We can't speak to an audience in a language they don't understand. Speaking more slowly and louder doesn't work. Just because an audience might listen to Lady Gaga doesn't make them unable to understand, appreciate and come to care for large historical concepts and truths. Sometimes we need to speak in the very words our audiences share with each other, that we share with each other everyday.

So what might this look like? Simple: imagine if Lady Gaga performed a power-anthem to accompany the women's suffrage movement of the late 1910s...

From the folks who brought you Too Late To Apologize, the latest in vernacular public history.

This video is nothing new per say. Yet it is still powerful. Watch it ten times, twenty times, a hundred times. Each time you'll find another small, powerful detail. Did you catch the note from the Senator's mother telling him, "Huzzah and vote for Suffrage"? Did you catch the doubt in the woman's eyes as she proudly declared she didn't need to vote? Did you notice how the protesters in front of the White House were a spot on match for the real women who stood there fighting for their rights? The piece is outrageously powerful, even on the hundredth viewing.

Add caption
But it is only an evolution, not a revolution. It joins a long lineage of style and straight parody incorporating history and civics into a modern vernacular language. Who from my generation and the one preceding doesn't recognize the line, "I'm just a Bill, Yes I'm only a Bill..."? I learned the preamble to the Constitution thanks to Schoolhouse Rock! as well, and still need to hum the tune to keep the pieces in the right order in my mind. Even Schoolhouse Rock! took on Women's Suffrage, with another power anthem about gaining the right to vote.

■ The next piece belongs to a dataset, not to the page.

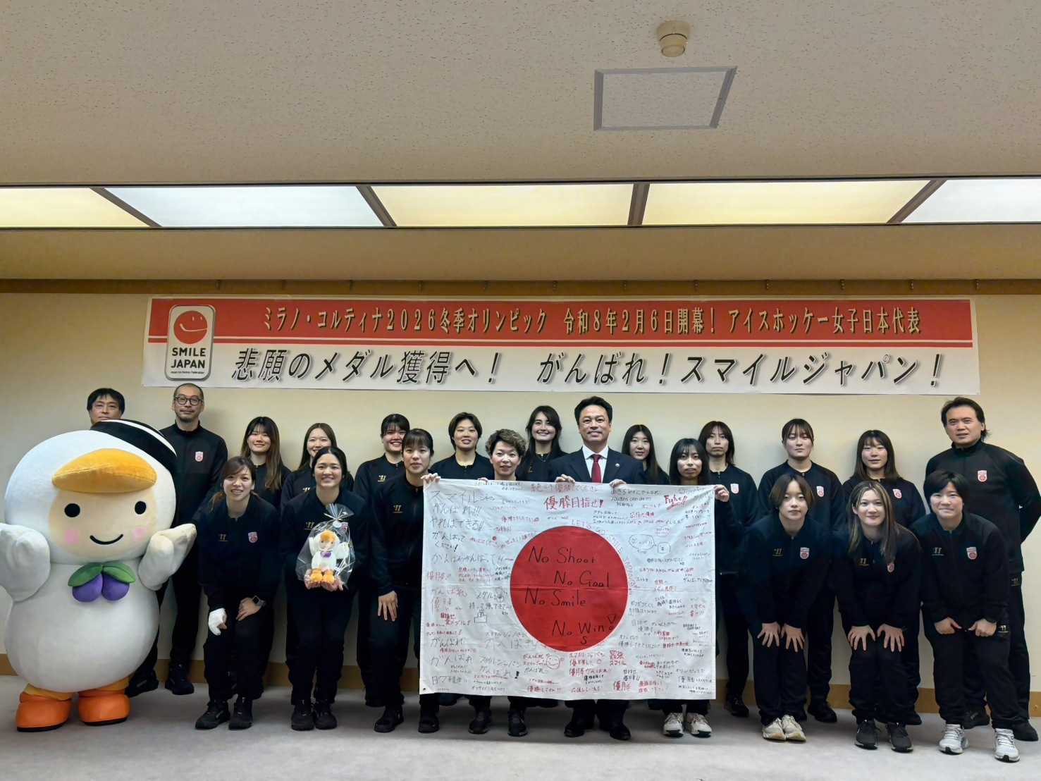 2月6日(金)からイタリア北部のミラノとコルティナ・ダンペッツォで行われる、ミラノ・コルティナ2026冬季オリンピック アイスホッケー女子日本代表(スマイルジャパン)出場選手・関係者による表敬訪問を受けました。選手の皆さんによる日々の厳しい練習とたゆまぬ努力の積み重ねが、今回の大舞台につながったものと心から敬意を表します。本番では存分に力を発揮されることを心から願うとともに、市民一同全力で応援しています。

How can we foster more creative ways of sharing the vast world of history with the public in the language they speak instead of the stilted and foreign voice we think our institutions should speak with? How can we reach an American public where they already are, instead of fruitlessly demanding of them that they try to understand a language they don't speak natively?

I'm not sure. But I think it looks something like a tribute to Lady Gaga featuring Thriller-esque suffragettes, a brooding Woodrow Wilson and a struggle for freedom embodied by men and women acting to make the world better. I think it looks like Ben Franklin wearing a mock AC/DC tee-shirt and shredding the guitar while Thomas Jefferson sings his grievances to the King. I think it speaks in the language of the modern world, the vernacular of the culture we live within. That history will gain far more traction than anything in 'agency voice' could ever hope to, I guarantee.